The terminology question is telling. Despite the industry’s embrace of the phrase “micro drama,” viewers have not adopted it. They call the content “short story videos,” “short dramas,” “reels with stories” or simply “serials.” One respondent from Chennai said bluntly that “micro sounds like a scientific word.” The category is at the stage that OTT occupied in 2019 and podcasts in the same year: widely consumed, poorly named and not yet crystallised in the public imagination.
Platform awareness remains alarmingly thin. Only three platforms, Kuku TV at 78 per cent, Story TV at 46 per cent and Quick TV at 28 per cent, have crossed the 20 per cent awareness threshold. The rest languish in single digits. This creates a trust deficit that directly throttles monetisation: viewers who cannot remember which app they used are hardly primed to enter their payment details.
Yet the appetite is clearly there.

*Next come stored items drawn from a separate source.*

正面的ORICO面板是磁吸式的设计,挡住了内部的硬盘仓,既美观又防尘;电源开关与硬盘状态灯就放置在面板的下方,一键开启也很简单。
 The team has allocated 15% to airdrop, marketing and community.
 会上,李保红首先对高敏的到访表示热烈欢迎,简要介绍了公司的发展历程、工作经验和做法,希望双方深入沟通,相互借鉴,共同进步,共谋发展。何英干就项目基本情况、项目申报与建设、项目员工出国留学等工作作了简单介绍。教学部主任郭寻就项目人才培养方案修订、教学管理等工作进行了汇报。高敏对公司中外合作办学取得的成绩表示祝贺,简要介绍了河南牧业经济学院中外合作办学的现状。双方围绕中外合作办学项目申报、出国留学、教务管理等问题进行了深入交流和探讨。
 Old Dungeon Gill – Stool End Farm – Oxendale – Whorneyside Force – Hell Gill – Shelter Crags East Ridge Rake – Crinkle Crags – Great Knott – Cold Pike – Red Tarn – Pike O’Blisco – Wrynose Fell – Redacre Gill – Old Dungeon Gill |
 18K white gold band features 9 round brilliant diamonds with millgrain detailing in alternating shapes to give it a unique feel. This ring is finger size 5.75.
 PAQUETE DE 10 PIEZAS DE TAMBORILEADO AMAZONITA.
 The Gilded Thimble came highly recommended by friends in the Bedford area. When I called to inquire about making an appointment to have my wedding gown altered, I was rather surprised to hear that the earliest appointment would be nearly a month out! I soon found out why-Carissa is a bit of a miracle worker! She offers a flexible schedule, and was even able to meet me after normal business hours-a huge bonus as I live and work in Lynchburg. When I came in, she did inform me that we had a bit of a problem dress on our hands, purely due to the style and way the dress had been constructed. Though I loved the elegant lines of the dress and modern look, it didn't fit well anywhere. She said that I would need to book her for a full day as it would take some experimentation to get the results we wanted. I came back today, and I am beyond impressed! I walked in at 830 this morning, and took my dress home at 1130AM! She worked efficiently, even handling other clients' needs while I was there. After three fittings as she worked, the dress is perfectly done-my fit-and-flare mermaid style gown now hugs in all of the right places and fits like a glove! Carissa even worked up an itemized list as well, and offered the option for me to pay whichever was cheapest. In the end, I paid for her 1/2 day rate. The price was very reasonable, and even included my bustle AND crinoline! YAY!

Sixty-five per cent of viewers watch only Indian content, drawn by the TV-serial familiarity of the storytelling, the comfort of Hindi as a shared language and the sight of actors they half-recognise from decades of television. South languages are rising fast: Tamil, Telugu and Kannada together account for 24 per cent of first-choice viewing. And AI-generated content, still a novelty, has landed better than expected: 47 per cent of viewers call it creative and unique, with only 6 per cent actively rejecting it.

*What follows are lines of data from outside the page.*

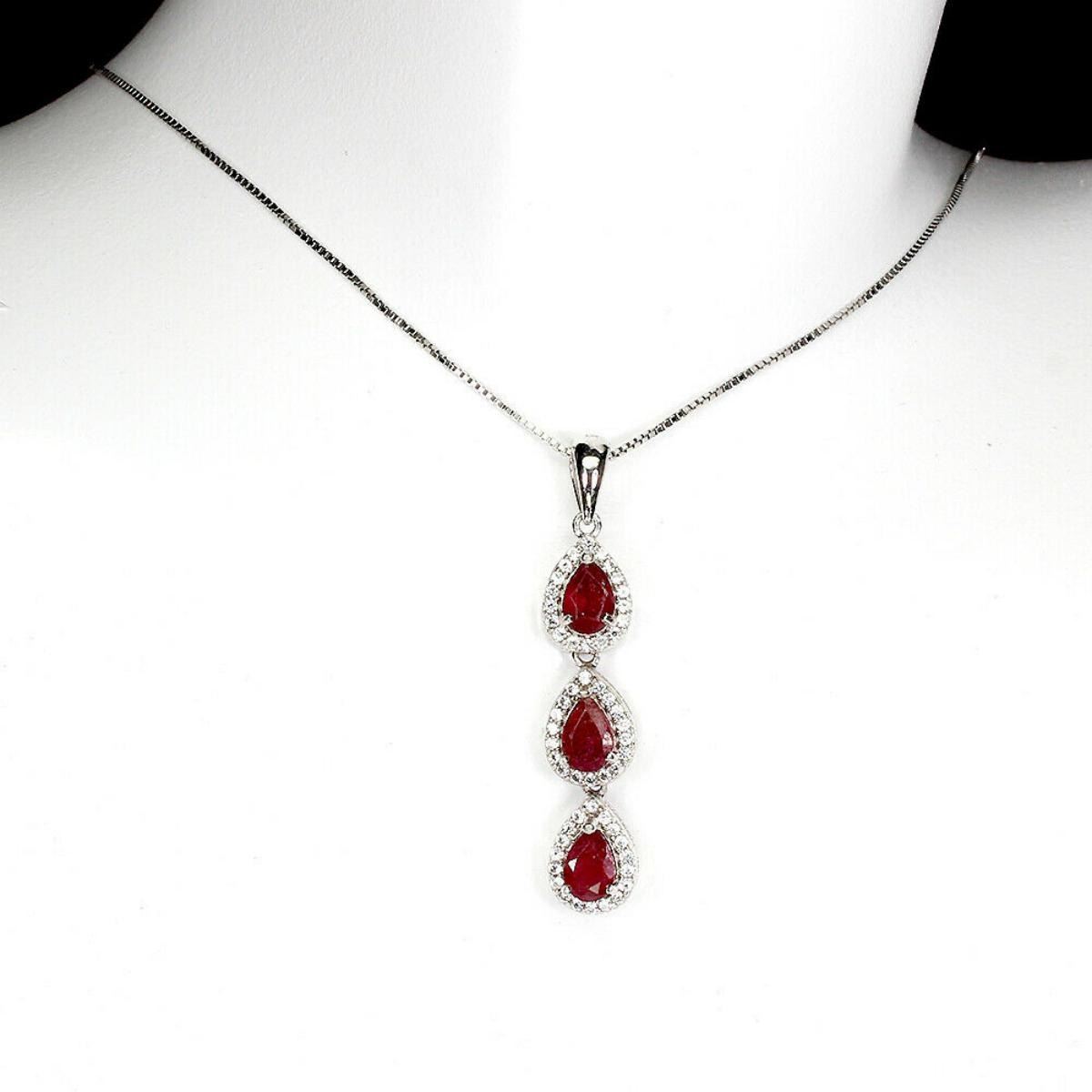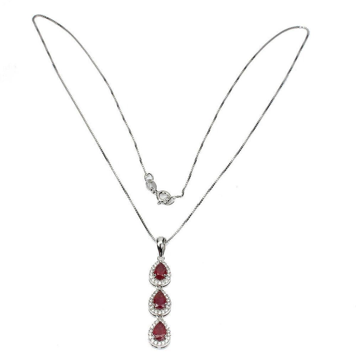 925 STERLING SILVER;PLATE14K WHITE GOLD;LENGTH (INCHES)18;MAIN STONE-RUBY;TOTAL WEIGHT-3.74 GRAM (TOTAL WEIGHT OF SILVER + STONE)DIMENSION-* STONE 6.0 X 4.0 MM. * CZ 1.0 MM. * TOTAL LENGTH 18.0 INCHES. * STONES PART LENGTH 37.0 X 7.0 MM.;MAIN STONE SHAPE-PEAR CUT;MAIN STONE COLOR-TOP BLOOD RED;TREATMENT-- Yes;ORIGIN-MADAGASCAR;HARDNESS-9.0;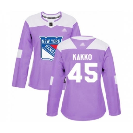 >Women's New York Rangers #45 Kaapo Kakko Authentic Purple Fights Cancer Practice Hockey Jersey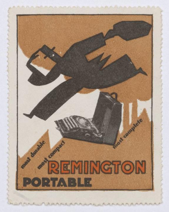 Reklamemarke/Werbemarke für Schreibmaschine Remington; rechteckig, polychrom Text: most durable most compact most complete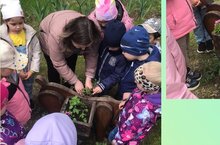 В детском саду продолжаются работы по высадке деревьев и кустарников в Сквере Памяти. Педагоги высадили 8 саженцев сливы, ирги, 3 туи.

Shweta Bajpai, director, media and entertainment (India) at Meta, called micro drama “a category that is rewriting the rules of Indian entertainment,” adding that the discovery engine being social distinguishes this wave from previous content formats. Shailesh Kapoor, founder and chief executive of Ormax Media, was characteristically measured: the format, he said, is showing “the early signs of becoming a distinct content category” and, given how closely it aligns with natural mobile behaviour, “has the potential to scale very quickly.”
The format’s fundamental mechanics are working. It enters lives quietly, through boredom and a scrolling thumb, and burrows in through incompletion and habit. The challenge now is monetisation: converting a category of highly engaged but deeply anonymous viewers into paying customers who trust the platform enough to hand over their UPI credentials. The story, as any micro-drama writer knows, is only as good as the next cliffhanger. India’s platforms had better have one ready.